▼

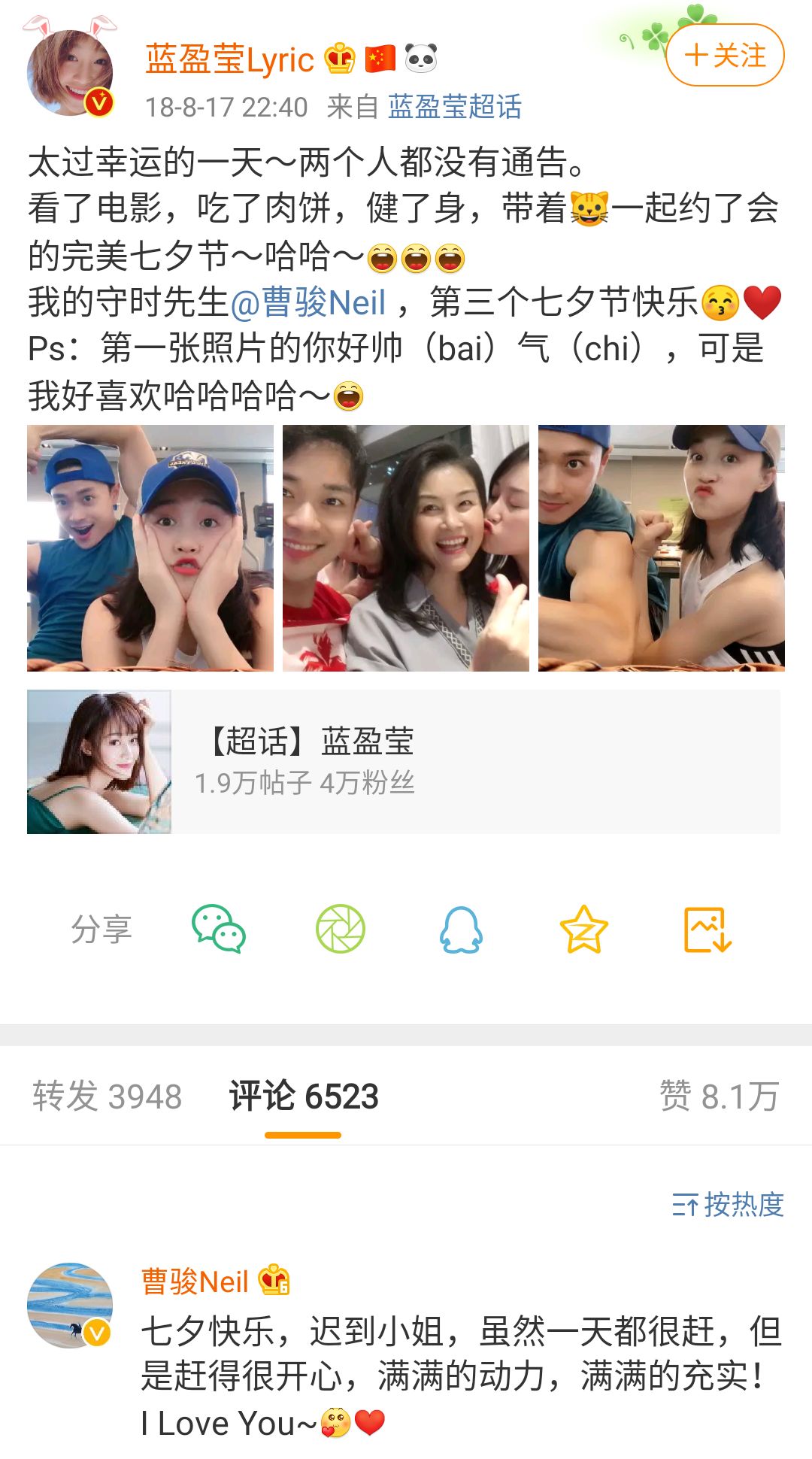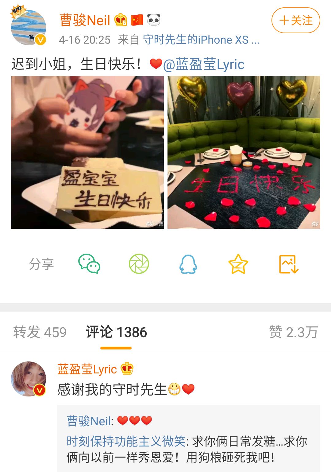 不管工作还是生活,他们一直都很合拍,本以为他们会一直这么幸福下去,直到今年事情却好像悄悄起了变化。两人在微博的互动变得越来越少,除了今年蓝盈莹生日的时候,曹骏发了一条为她庆生的微博。
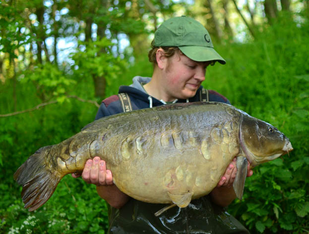 As the sun rose high into the sky, all signs of feeding fish on the main spots had died off so we reeled in to go and check on margin spots. The first spot we checked had at least a dozen or so tails up already so we quickly threw a bit more bait in before legging it back to the swim to tackle up a rod! A short hooklink made of 25lb Sink Skin was whipped to a size 6 Covert Mugga and a 5oz inline lead completed the set-up. It was Andy’s turn first, and before the lead had hit the bottom a 24lb mirror snaffled the XXX wafter. Fortunately not too many of the fish has spooked, and half an hour later there was 3 big fish tails up again, and this time it was my turn on the rod! Within 5 minutes the clutch was screaming as a fish made its mistake. It was obviously a big fish, and after a long dogged battle up to my chest in lake water it was in the net. Weighing in at 37lb 14oz it was my biggest ever common and the lake record common at the time.
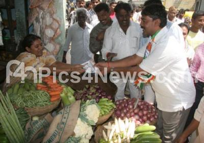Photo Caption : Congress candidate RS Sathya Narayana from Dattatreya Ward seeking votes from shop vendor during door to door campaigning for the BBMP Elections at Malleshwaram, in Bangalore on Saturday 20th March 2010
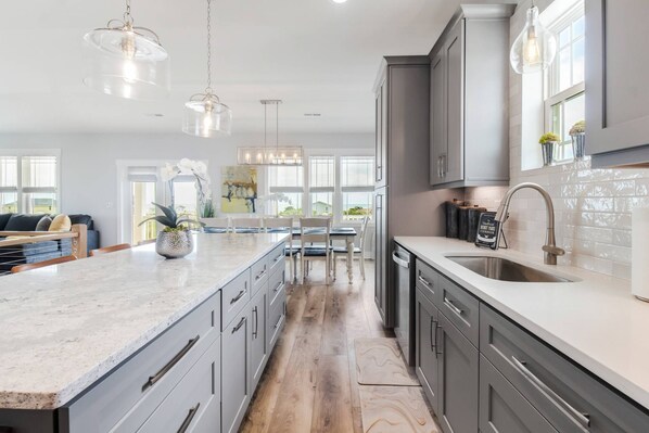 On the 3rd level is a large living area with a big-screen Smart TV, games & books for beach reads. The dining table seats 10 & the island seats 6. This is a chef’s kitchen: 4 door French Door Refrigerator, large Workstation Sink, abundant dish & food Storage, Air Fryer, Hand Mixer, Keurig & Drip Coffeemakers & a large island for plenty of Prep Space. There’s even a Publix grocery store across the street in case you forgot something while making dinner.
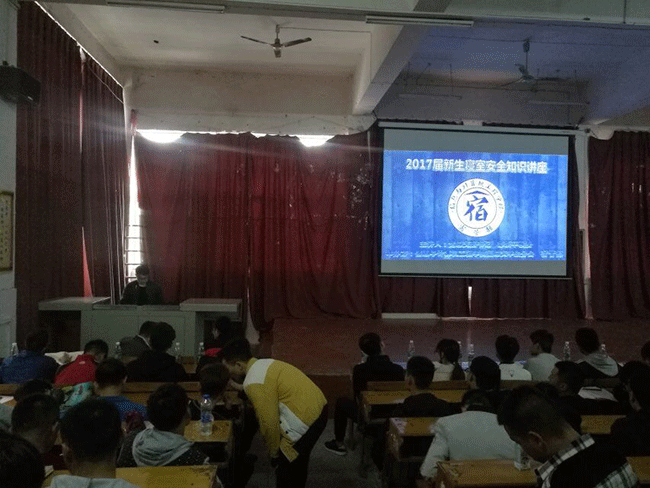 彭副教授首先强调了安全的重要性,后细分安全问题为人身、财产、消防、生活、交通五点,逐一讲授。彭副教授通过一个个深刻的例子及一些生动的图片对寝室用电安全问题、财产安全问题、火灾问题、交通安全问题及女生自我保护问题等进行了形象生动的讲解,并提出了相应的解决方法。其生动而又幽默的讲解让同学们更深刻的体会到安全的重要性。接着,彭副教授还补充了萍乡学院寝室管理的奖惩制度以及评分细则,并提醒同学们不可随意更换床位,避免给宿管部成员们工作带来困难。
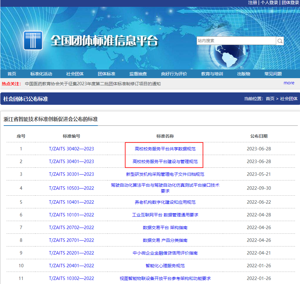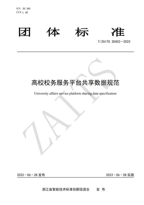 近日,由我校牵头起草,由浙江省智能技术标准创新促进会提出并归口的《高校校务服务平台建设与管理规范》和《高校校务服务平台共享数据规范》2项团体标准正式发布实施。
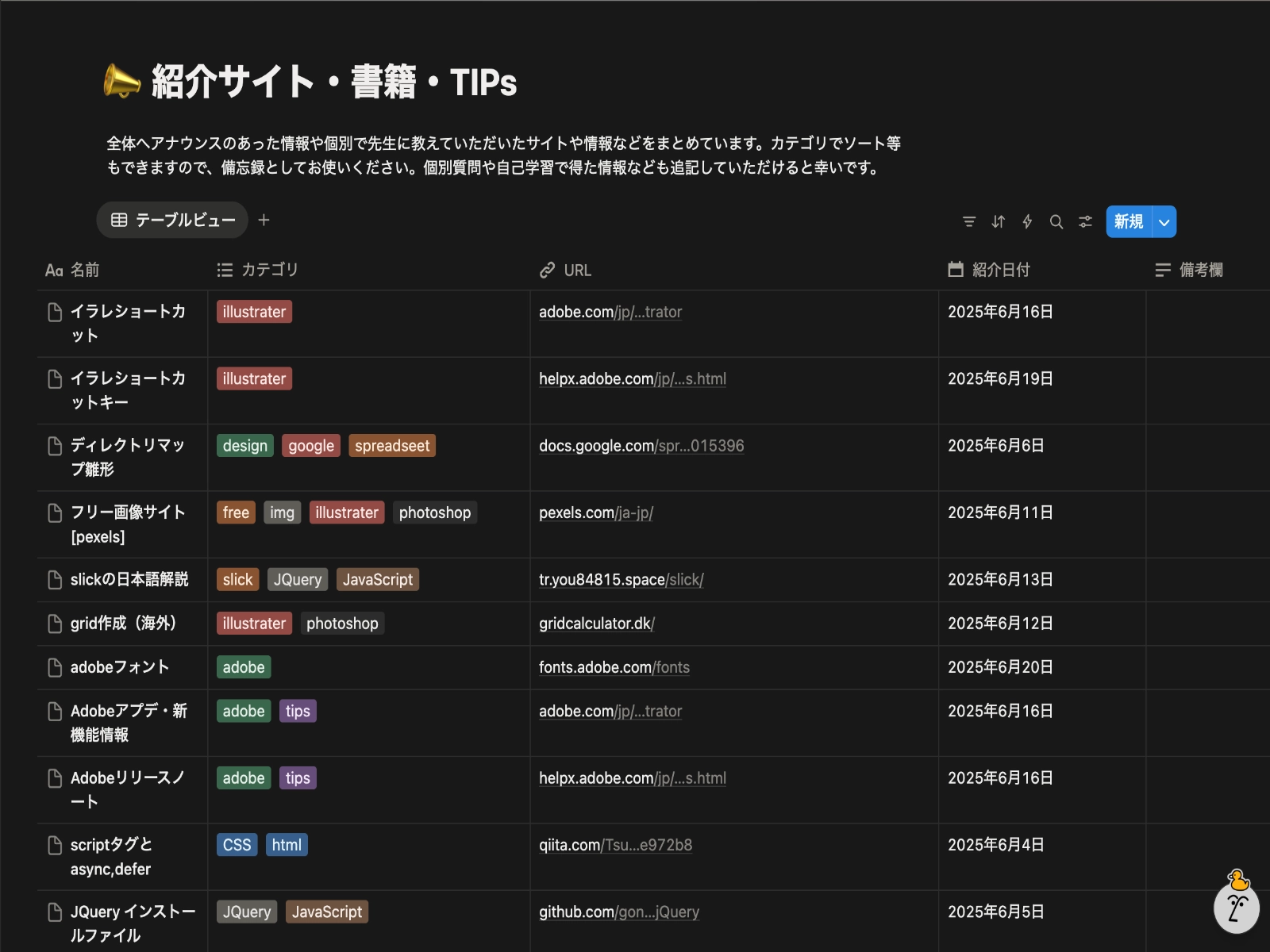 訓練校で紹介された知識の集約や、デザイン参考を保管しておくためのソース
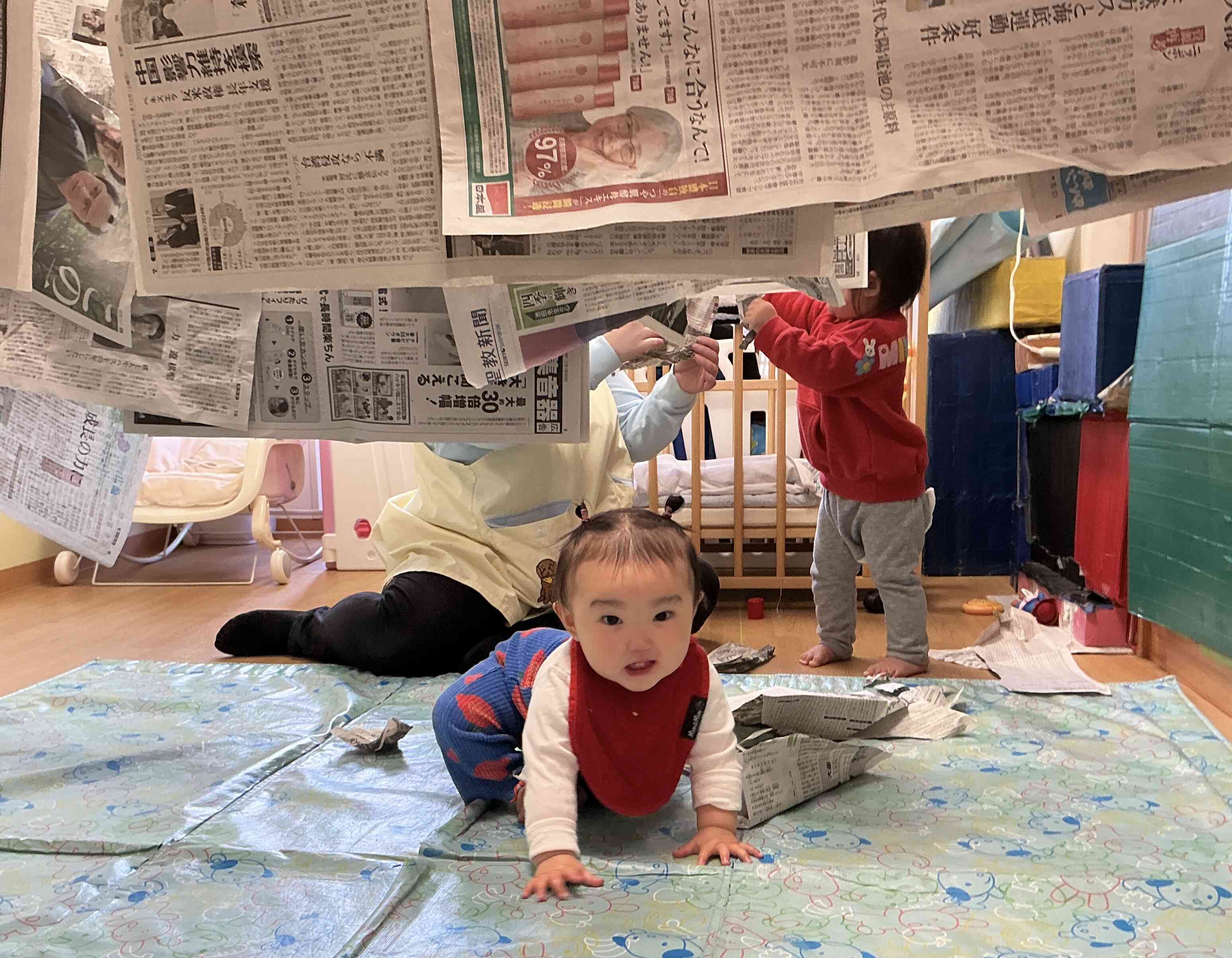 一番月齢の小さなお友だちは、新聞紙カーテンの下をハイハイで潜り抜けて遊んでいました。
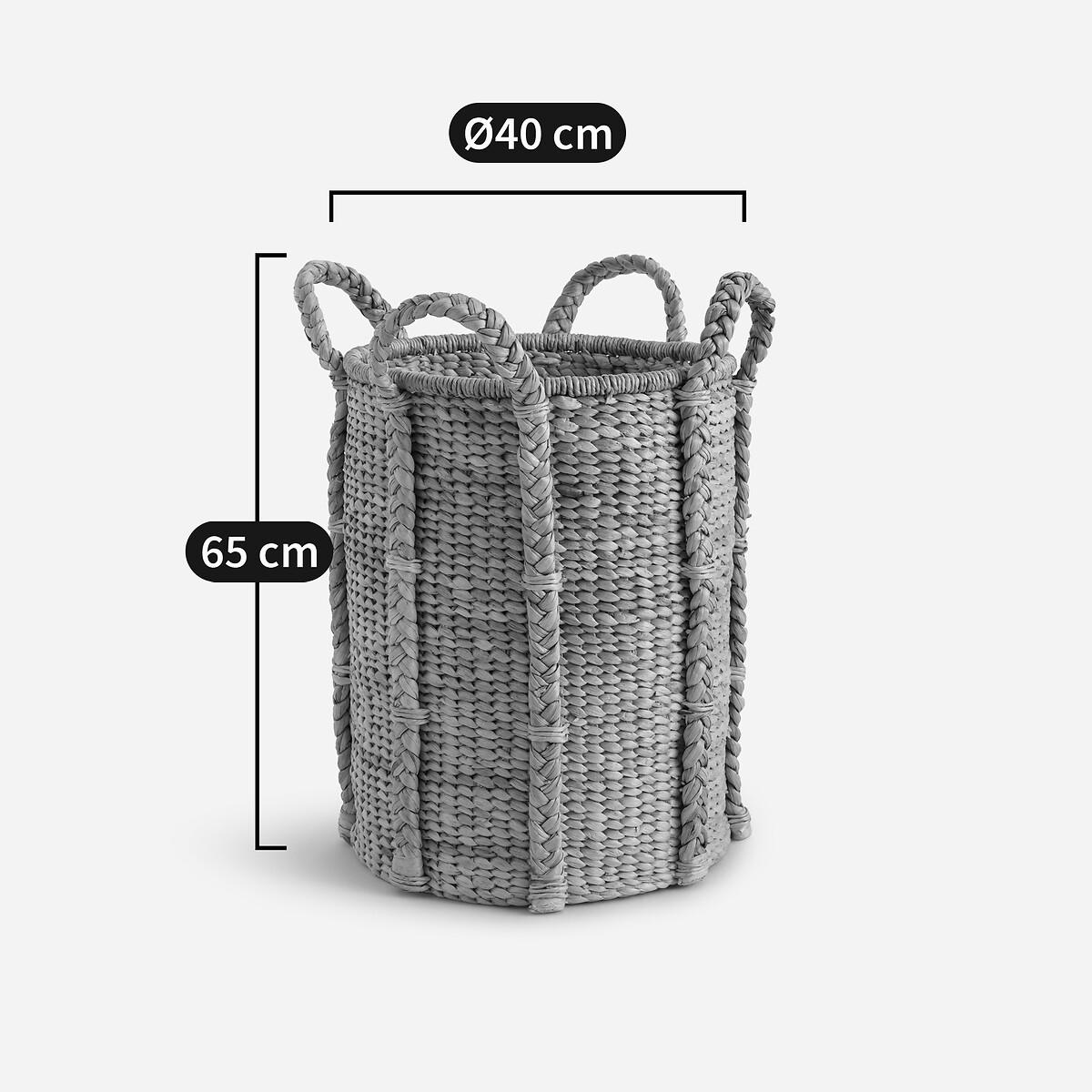 A basket that combines tradition, naturalness and functionality. Handcrafted in Indonesia, Tima uses a combination of weaving techniques to give it its distinctive personality. With handles for easy movement, this tall, round basket in water hyacinth is practical and decorative and can be used in any room to store the essentials. Product Details • In water hyacinth reed • Handcrafted braiding • Handles Dimensions • Diameter: 40cm • Height: 55cm (65cm with handles)Dimensions and weight of parcel • 1 parcel • L43 x H69 x D43cm. 1.6kg
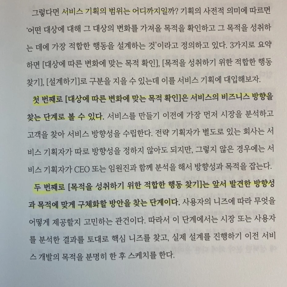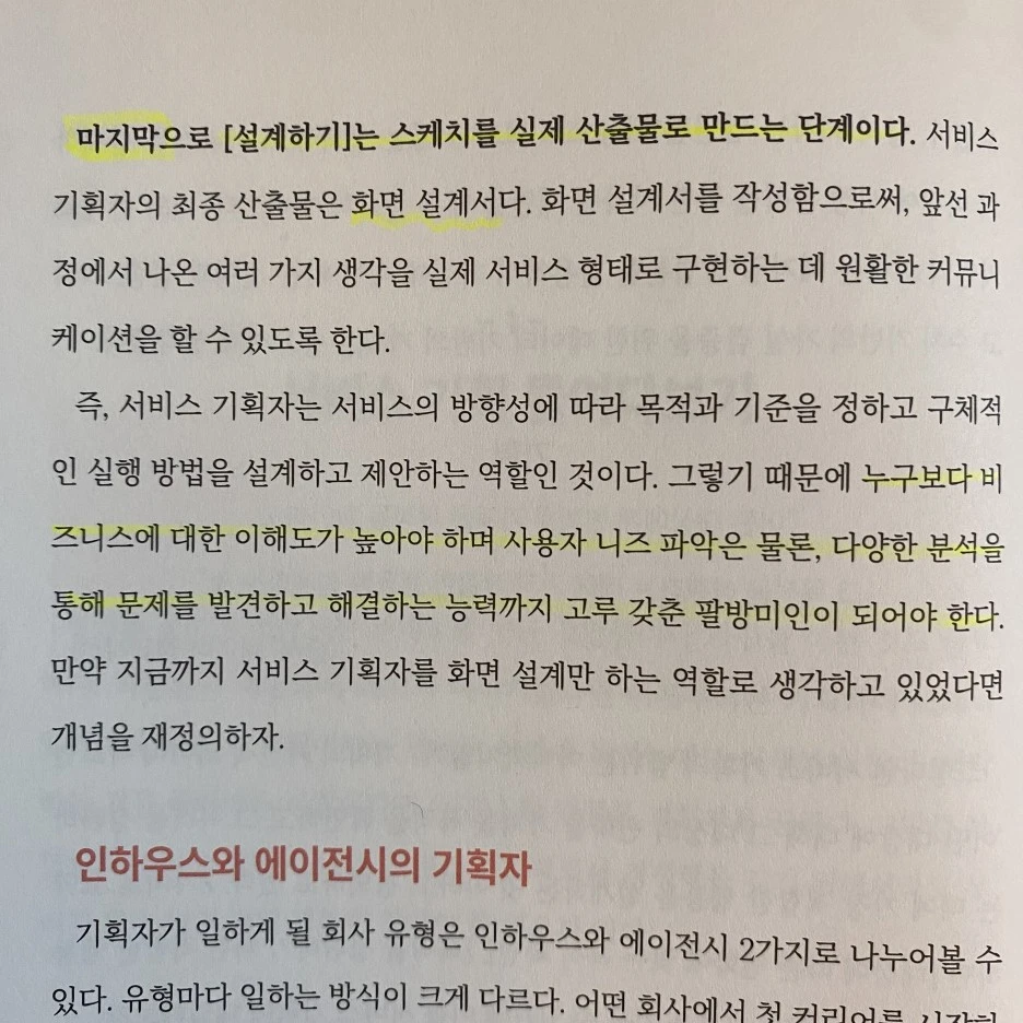 서비스 기획자는 서비스의 방향성에 따라 목적과 기준을 정하고 구체적인 실행 방법을 설계하고 제안하는 역할인 것이다. 그렇기 때문에 누구보다 비즈니스에 대한 이해도가 높아야 하며 사용자 니즈 파악은 물론, 다양한 분석을 통해 문제를 발견하고 해결하는 능력까지 고루 갖춘 팔방미인이 되어야 한다.
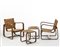 Coppia di poltrone con sgabelli. Produzione Gino Maggioni, Milano, anni '40. Struttura in legno multistrato curvato e legno massello, seduta e schienale in corda intrecciata. Modelli disegnati per l'Universitá Commerciale Luigi Bocconi. (poltrone: cm 61x74x69,5; sgabelli: cm 40x42,5x45) (difetti)
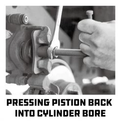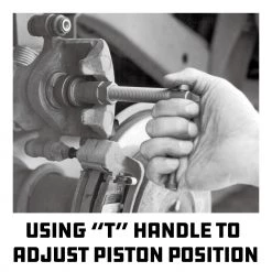 The kit includes a center screw and “T” handle, plate, disc and adapters to work with most disc brake calipers, including rear calipers on vehicles with self-adjusting parking brakes.
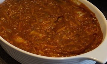 - Kneed de tomaten in hun eigen sap met een vork of onderbreek ze met een dompelblender voor uniformiteit en stuur ze naar de pan met andere groenten. Laat afgedekt op laag vuur ongeveer 10-12 minuten sudderen.
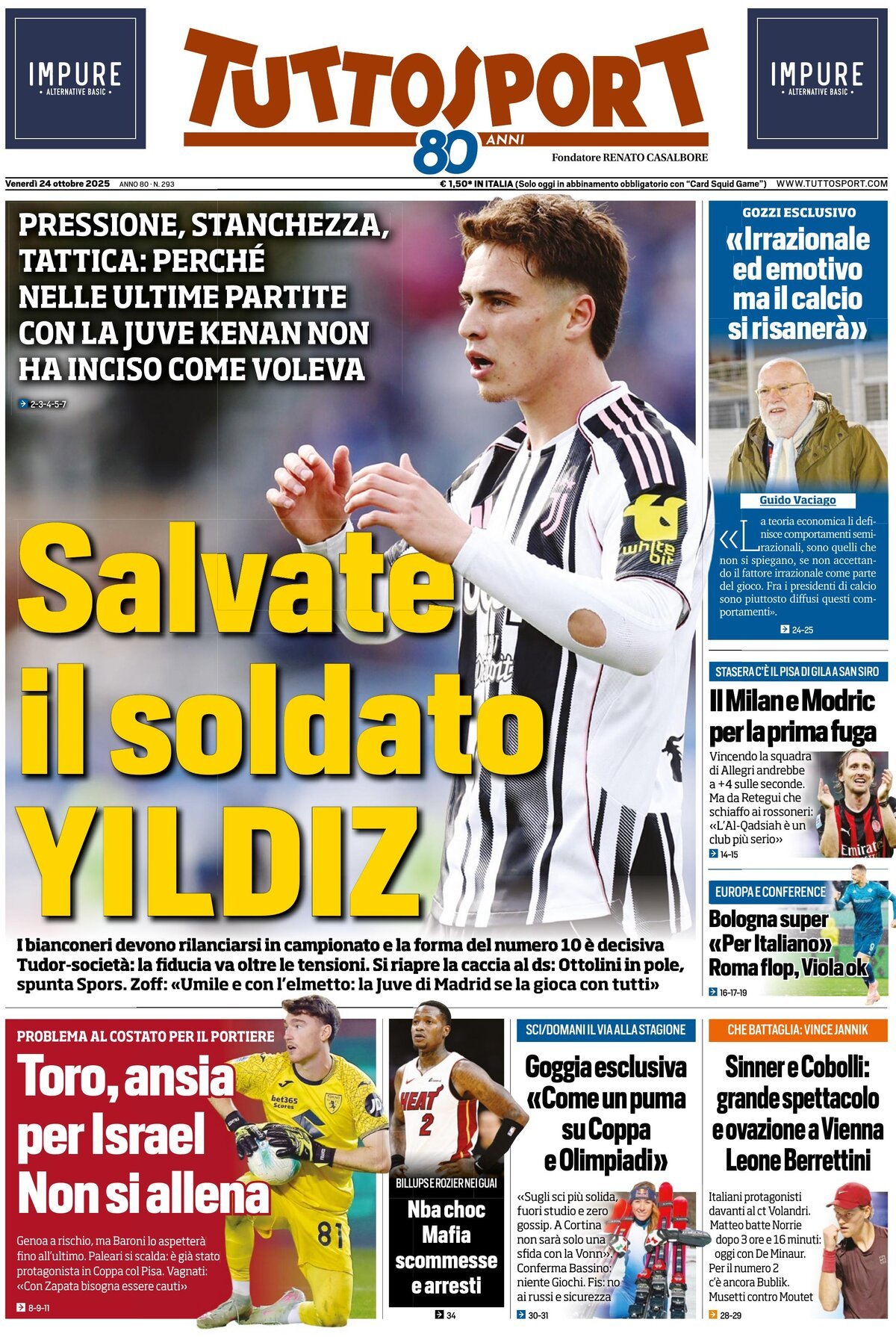 In occasione della prima pagina di oggi di Tuttosport, il titolo principale è il seguente: "Salvate il soldato Yildiz". Pressione, stanchezza e tattica: ecco perché, nelle ultime partite, Kenan non ha inciso come voleva. La Juventus deve rilanciarsi in campionato: la forma del numero 10 sarà decisiva. Tudor-società: la fiducia va oltre le tensioni.

▲

EXERCISE DETAILS
Set the pictures aside and retype exactly the lines above from the line with "一番月齢の小さなお友だちは、" to the line with "서비스 기획자는 서비스의", both included, adding no others.

EXERCISE RESPONSE
 一番月齢の小さなお友だちは、新聞紙カーテンの下をハイハイで潜り抜けて遊んでいました。
 A basket that combines tradition, naturalness and functionality. Handcrafted in Indonesia, Tima uses a combination of weaving techniques to give it its distinctive personality. With handles for easy movement, this tall, round basket in water hyacinth is practical and decorative and can be used in any room to store the essentials. Product Details • In water hyacinth reed • Handcrafted braiding • Handles Dimensions • Diameter: 40cm • Height: 55cm (65cm with handles)Dimensions and weight of parcel • 1 parcel • L43 x H69 x D43cm. 1.6kg
 서비스 기획자는 서비스의 방향성에 따라 목적과 기준을 정하고 구체적인 실행 방법을 설계하고 제안하는 역할인 것이다. 그렇기 때문에 누구보다 비즈니스에 대한 이해도가 높아야 하며 사용자 니즈 파악은 물론, 다양한 분석을 통해 문제를 발견하고 해결하는 능력까지 고루 갖춘 팔방미인이 되어야 한다.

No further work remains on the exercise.